*** GIVEN DATA Section Begins ***

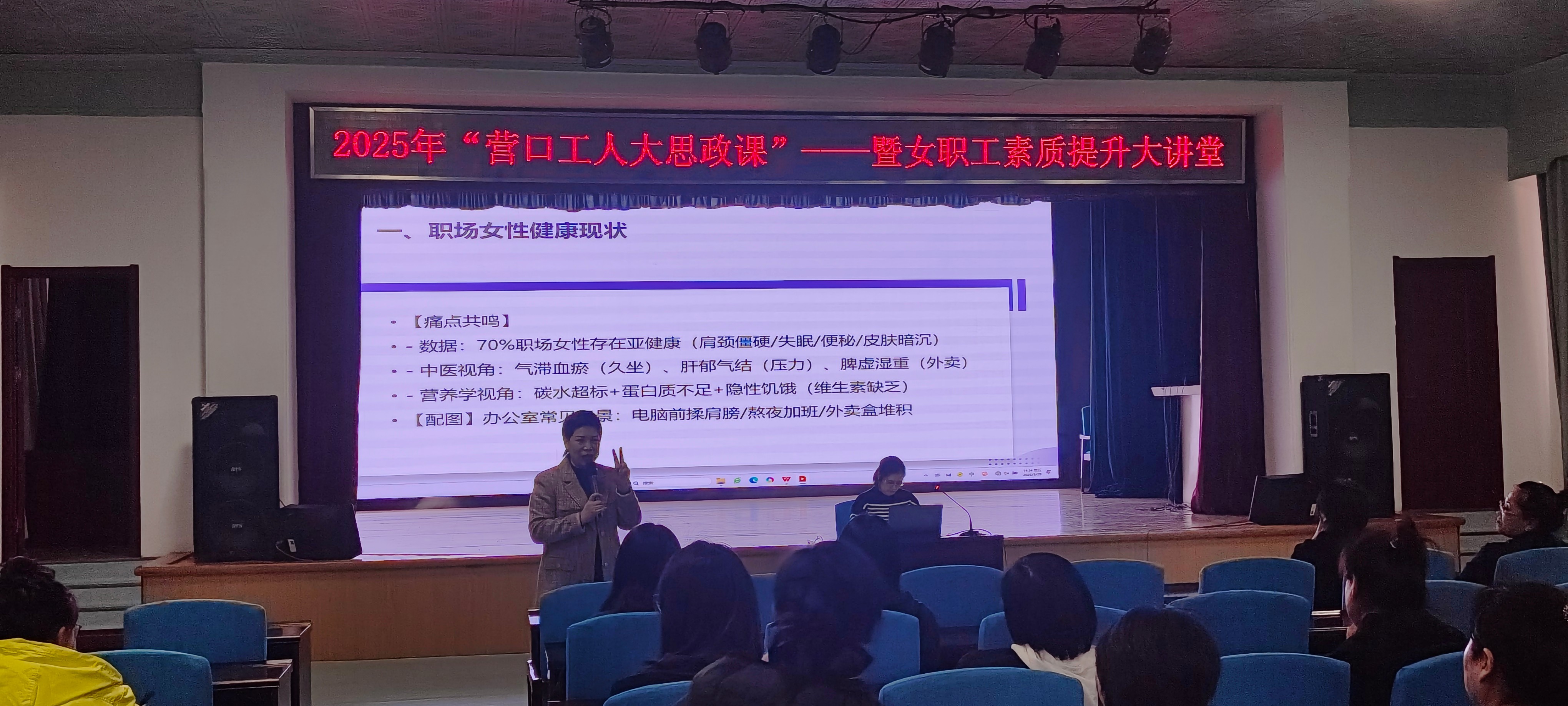 為進(jìn)一步推進(jìn)集團(tuán)女職工素質(zhì)提升工程,關(guān)愛廣大女職工的身心健康,增強(qiáng)女職工預(yù)防疾病的意識和能力,水務(wù)集團(tuán)工會深入開展“營口工人大思政課”——暨女職工素質(zhì)提升大講堂活動,于3月28日下午,在三樓大會議室,組織了專場女職工健康知識講座,集團(tuán)150余名女職工參加了活動。
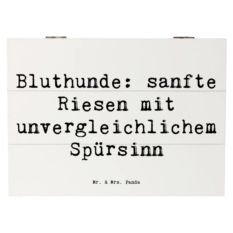 Die wunderschöne Holzkiste mit dem Motiv "Bluthunde: sanfte Riesen mit unvergleichlichem Spürsinn" von Mr. & Mrs. Panda ist das perfekte Geschenk für Hundefans und Liebhaber der Hunderasse Bloodhound. Mit ihren sanften Riesen, die eine außergewöhnliche Nase haben, fängt dieses Produkt die einzigartige Beziehung zwischen Mensch und Hund ein. Die Holzkiste ist nicht nur eine stilvolle Aufbewahrungsmöglichkeit für all die kostbaren Erinnerungen, sondern eignet sich auch hervorragend als dekorative Schatzkiste für die unterschiedlichsten Anlässe.
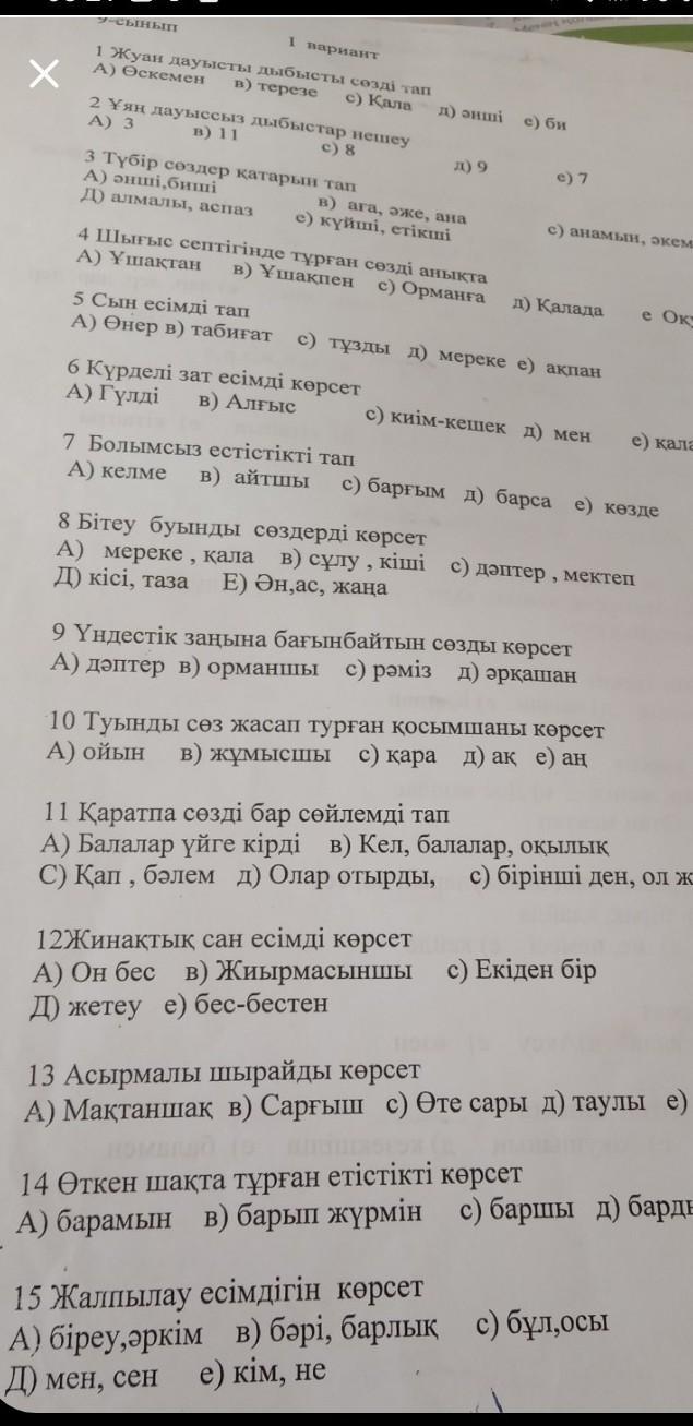 X Жуан дауысты дыбысты сезді тап А) Өскемен в) терезе c) Кала 2 Ұян дауыссыз дыбыстар нешеу A) 3 B) 11 c) 8 париант 3 Түбір сөздер катарын тап А) әнші,бишi Д) алмалы, аспаз 5 Сын есімді тап А) Өнер в) табиғат B) ага, әже, ана e) күйші, етікші 4 Шығыс септігінде тұрған сөзді анықта А) Ұшақтан в) Ұшақпен с) Орманға А) мереке, қала Д) кiсi, таза д) әншi 6 Күрделі зат есімді көрсет А) Гүлді в) Алғыс д) 9 8 Бітеу буынды сөздерді көрсет в) сұлу, кіші Е) Ән,ас, жаңа е) би c) 7 с) тұзды д) мереке е) акпан с) анамын, әкем, д) Калада с) киiм-кешек д) мен 12Жинактык сан есiмдi көрсет А) Он бес в) Жиырмасыншы Д) жетеу е) бес-бестен 7 Болымсыз естiстiктi тап А) келме в) айтшы с) баргым д) барса е) кезде 9 Үндестік заңына бағынбайтын сезды көрсет А) дәптер в) орманшы с) рәміз д) әрқашан с) дәптер, мектеп 10 Туынды сөз жасап турған қосымшаны көрсет А) ойын в) жұмысшы с) кара д) ак е) ан е Окушыме 11 Қаратпа сөзді бар сөйлемді тап А) Балалар үйге кiрдi в) Кел, балалар, оқылық C) Кап, бәлем д) Олар отырды, с) бiрiншi ден, ол жакы c) Екiден бiр е) кала 13 Асырмалы шырайды көрсет А) Мақтаншақ в) Сарғыш с) Өте сары д) таулы е) қызы 15 Жалпылау есімдігін көрсет А) біреу,әркім в) бәрі, барлық с) бұл,осы Д) мен, сен е) кім, не 14 Өткен шақта тұрған етістікті көрсет А) барамын в) барып жүрмін с) баршы д) барды е
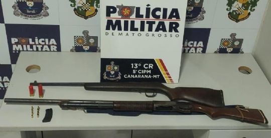 Questionado sobre as armas de fogo, o homem afirmou possuir uma espingarda calibre 12, ainda com a documentação irregular, e um rifle calibre 22.

*** GIVEN DATA Section Ends ***

● YOUR GOAL: Reproduce, word for word, every line from the one that contains "X Жуан дауысты" to the end of the data, including both ends; omit all pictures.

● WRITTEN SOLUTION:
 X Жуан дауысты дыбысты сезді тап А) Өскемен в) терезе c) Кала 2 Ұян дауыссыз дыбыстар нешеу A) 3 B) 11 c) 8 париант 3 Түбір сөздер катарын тап А) әнші,бишi Д) алмалы, аспаз 5 Сын есімді тап А) Өнер в) табиғат B) ага, әже, ана e) күйші, етікші 4 Шығыс септігінде тұрған сөзді анықта А) Ұшақтан в) Ұшақпен с) Орманға А) мереке, қала Д) кiсi, таза д) әншi 6 Күрделі зат есімді көрсет А) Гүлді в) Алғыс д) 9 8 Бітеу буынды сөздерді көрсет в) сұлу, кіші Е) Ән,ас, жаңа е) би c) 7 с) тұзды д) мереке е) акпан с) анамын, әкем, д) Калада с) киiм-кешек д) мен 12Жинактык сан есiмдi көрсет А) Он бес в) Жиырмасыншы Д) жетеу е) бес-бестен 7 Болымсыз естiстiктi тап А) келме в) айтшы с) баргым д) барса е) кезде 9 Үндестік заңына бағынбайтын сезды көрсет А) дәптер в) орманшы с) рәміз д) әрқашан с) дәптер, мектеп 10 Туынды сөз жасап турған қосымшаны көрсет А) ойын в) жұмысшы с) кара д) ак е) ан е Окушыме 11 Қаратпа сөзді бар сөйлемді тап А) Балалар үйге кiрдi в) Кел, балалар, оқылық C) Кап, бәлем д) Олар отырды, с) бiрiншi ден, ол жакы c) Екiден бiр е) кала 13 Асырмалы шырайды көрсет А) Мақтаншақ в) Сарғыш с) Өте сары д) таулы е) қызы 15 Жалпылау есімдігін көрсет А) біреу,әркім в) бәрі, барлық с) бұл,осы Д) мен, сен е) кім, не 14 Өткен шақта тұрған етістікті көрсет А) барамын в) барып жүрмін с) баршы д) барды е
 Questionado sobre as armas de fogo, o homem afirmou possuir uma espingarda calibre 12, ainda com a documentação irregular, e um rifle calibre 22.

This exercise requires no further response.